**Problem statement**
Output nothing but the lines from the beginning of the listing below through the line containing "Para acceder a", exactly as they stand, without pictures.

**The data**
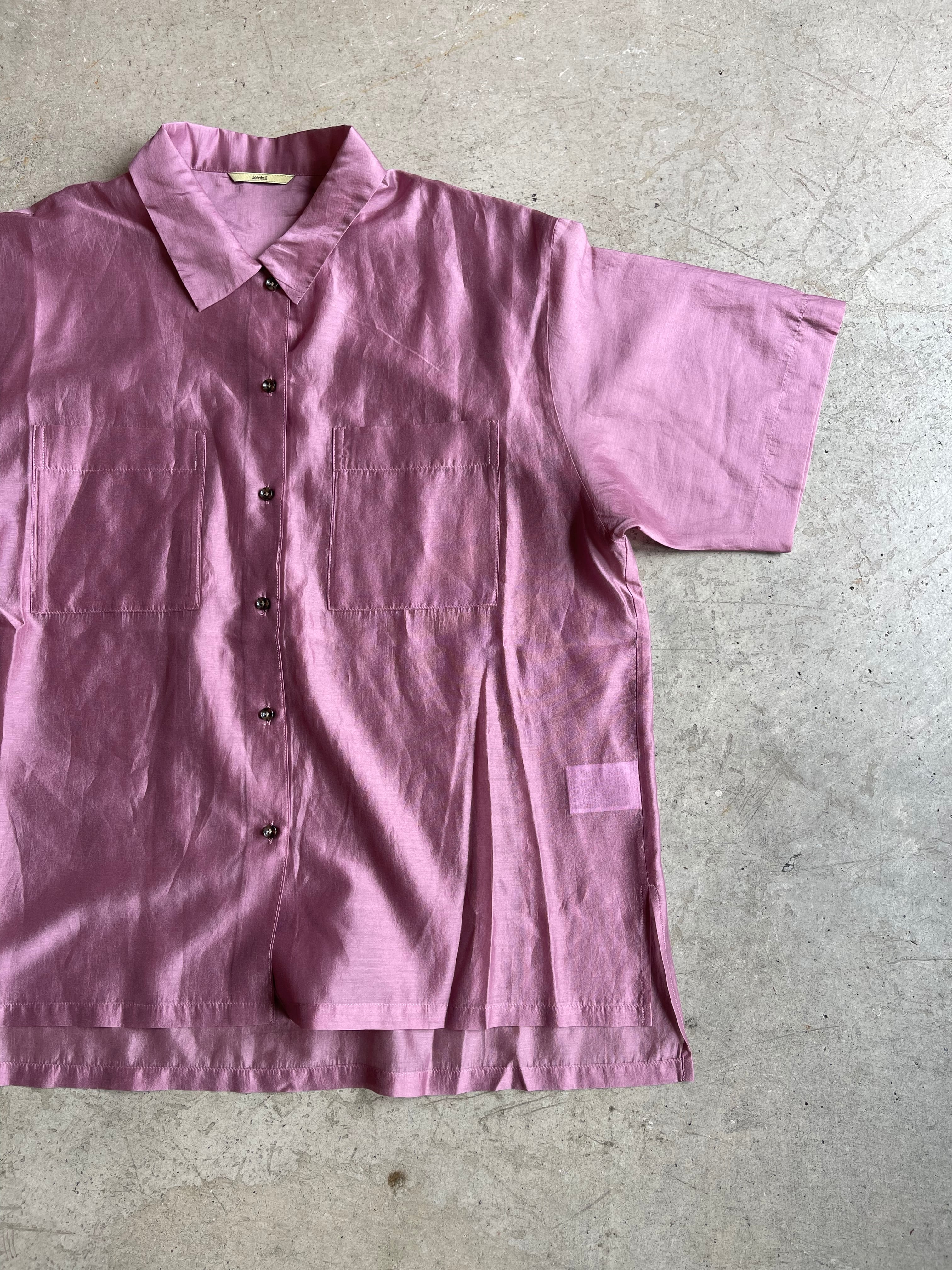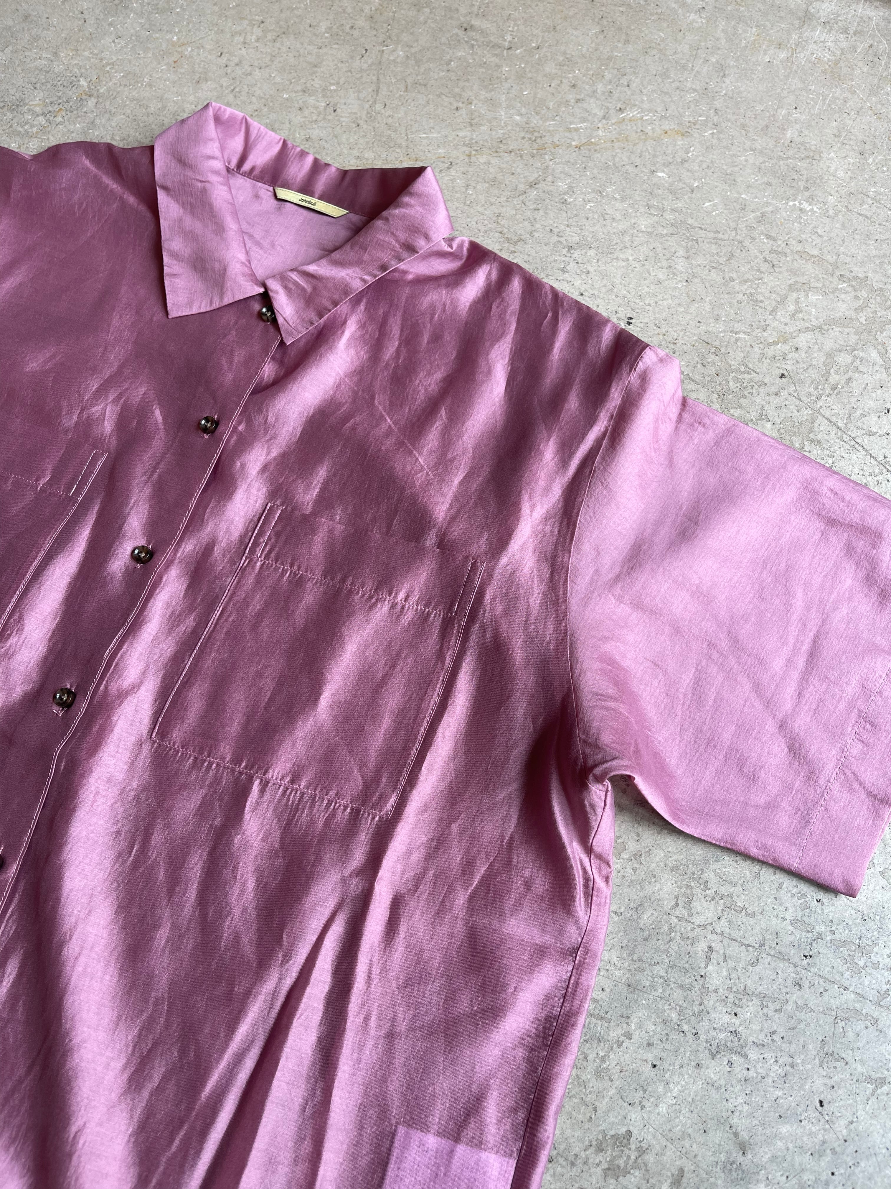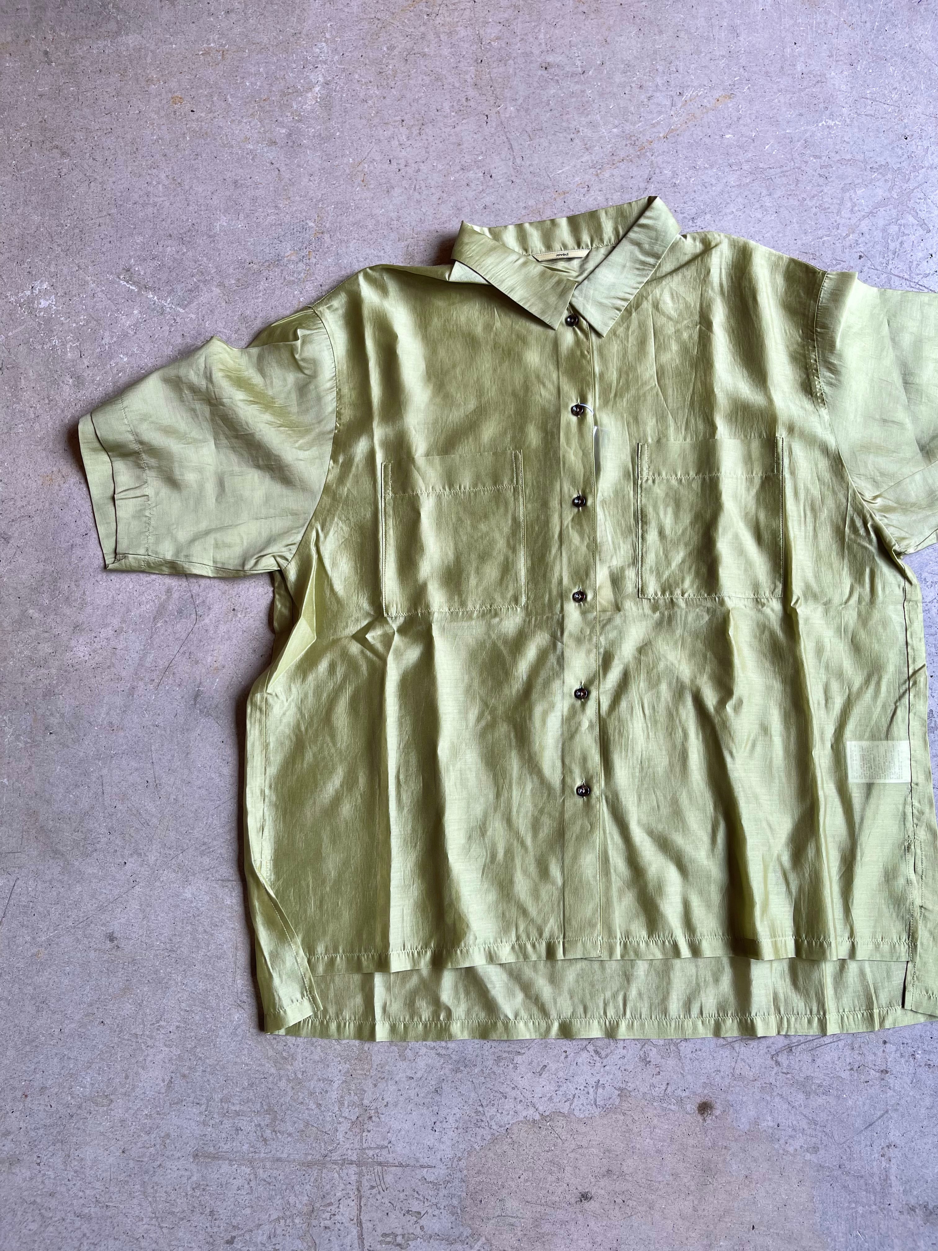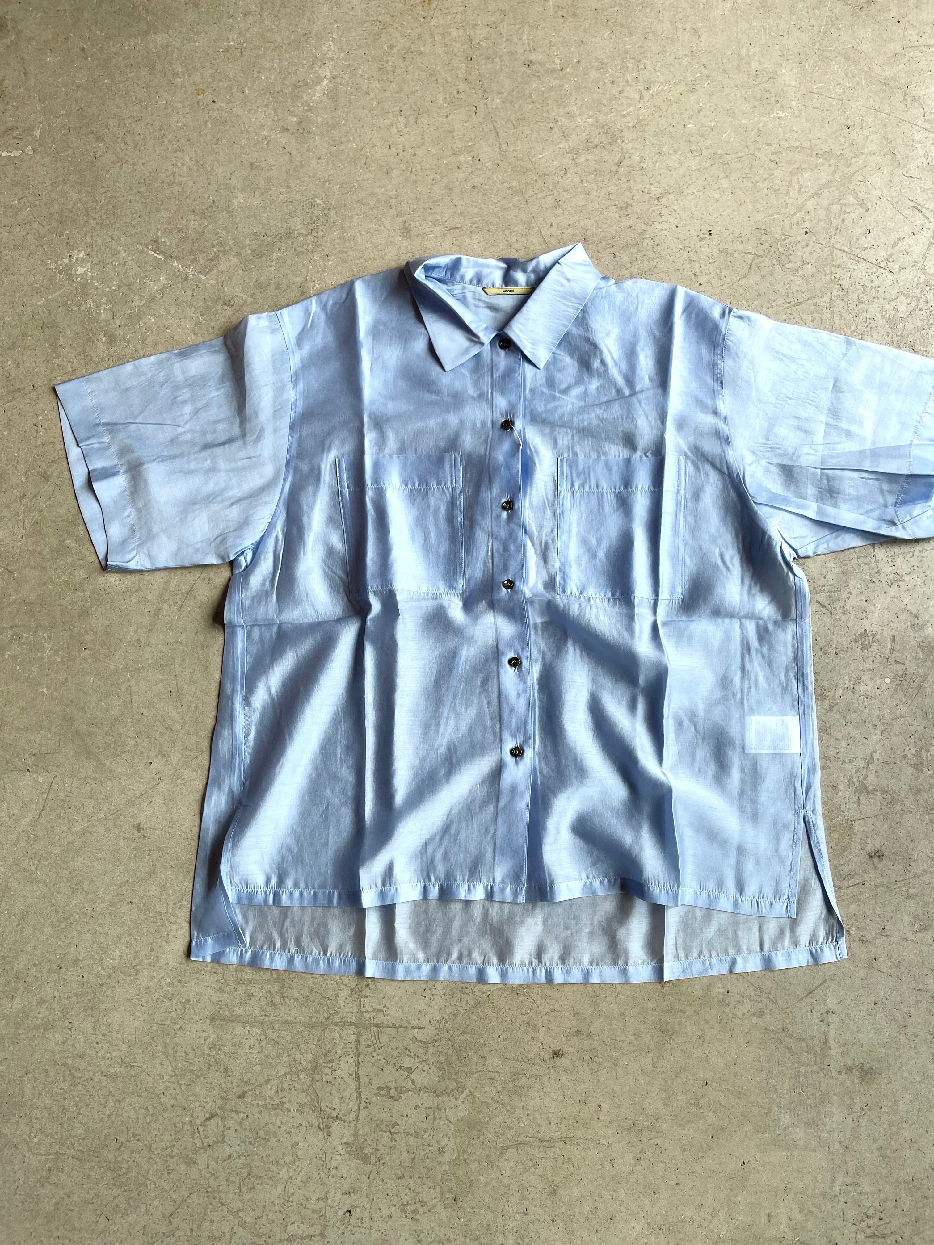 透け感が特徴のシアー素材を使用した5分袖シャツ。
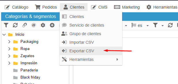 Para acceder a la herramienta de exportación de clientes PRO, vaya a Store Commander > Clientes > Exportar CSV.
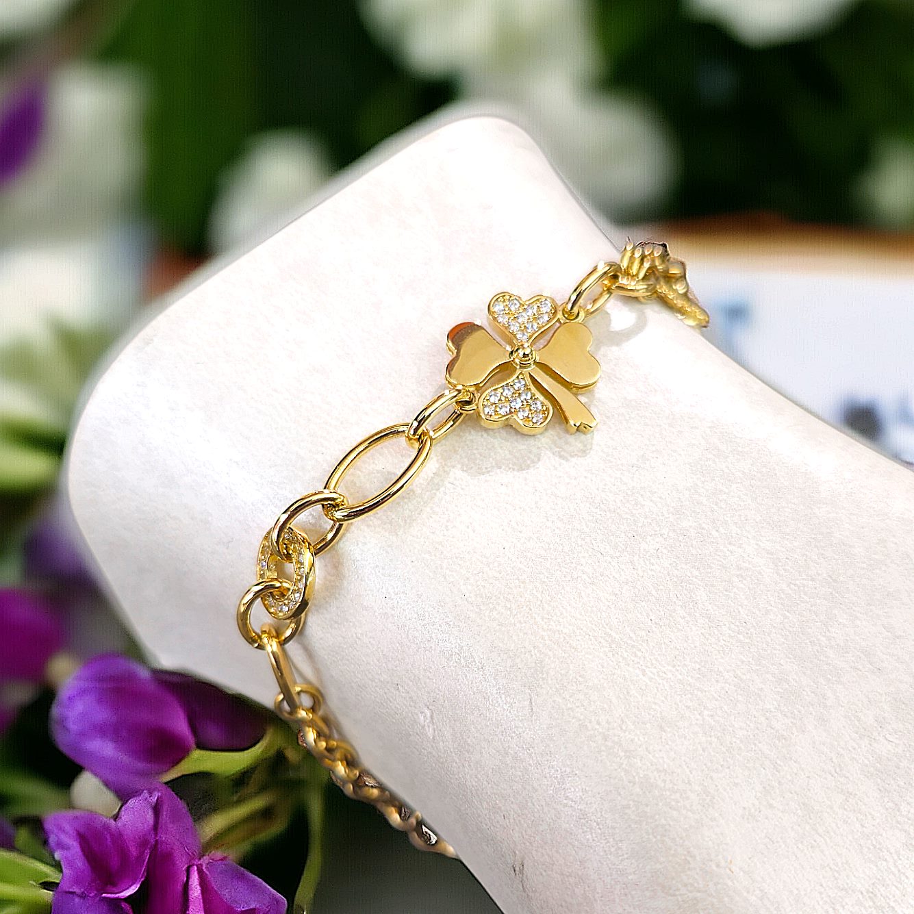 De armband wordt gesierd door twee schitterende bedels die elk een eigen verhaal vertellen. Het prachtig vormgegeven klavertje vier staat symbool voor geluk en voorspoed, terwijl de delicate vlinder transformatie en vreugde vertegenwoordigt. Beide bedels, samen met een deel van de fantasieschakel, zijn rijkelijk ingezet met fonkelende zirkonia’s die het licht bij elke beweging vangen en voor een adembenemende schittering zorgen.
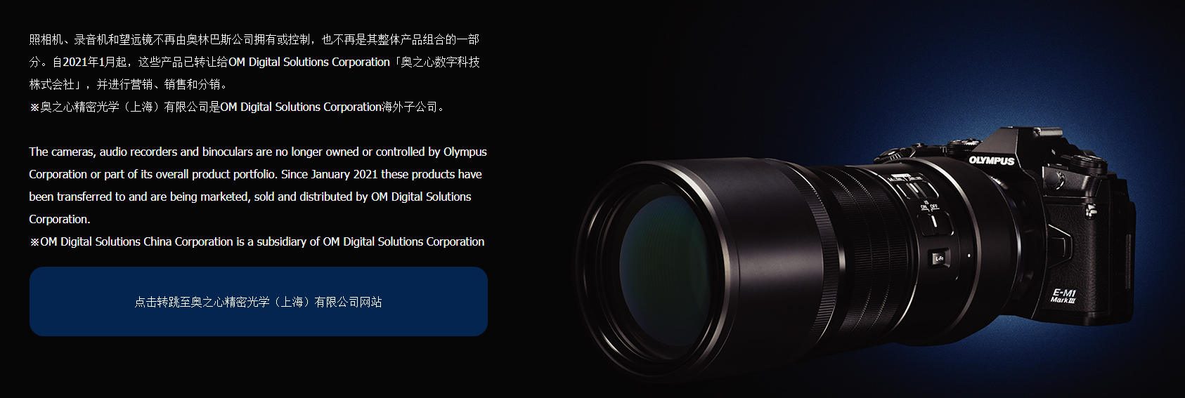据奥林巴斯官方消息,奥林巴斯株式会社已在2021年1月1日完成奥林巴斯映像事业转让程序,转让完毕后,将由OM Digital Solutions Corporation(奥之心数字科技株式会社)继承奥林巴斯映像事业。

**Result for this exercise**
 透け感が特徴のシアー素材を使用した5分袖シャツ。
 Para acceder a la herramienta de exportación de clientes PRO, vaya a Store Commander > Clientes > Exportar CSV.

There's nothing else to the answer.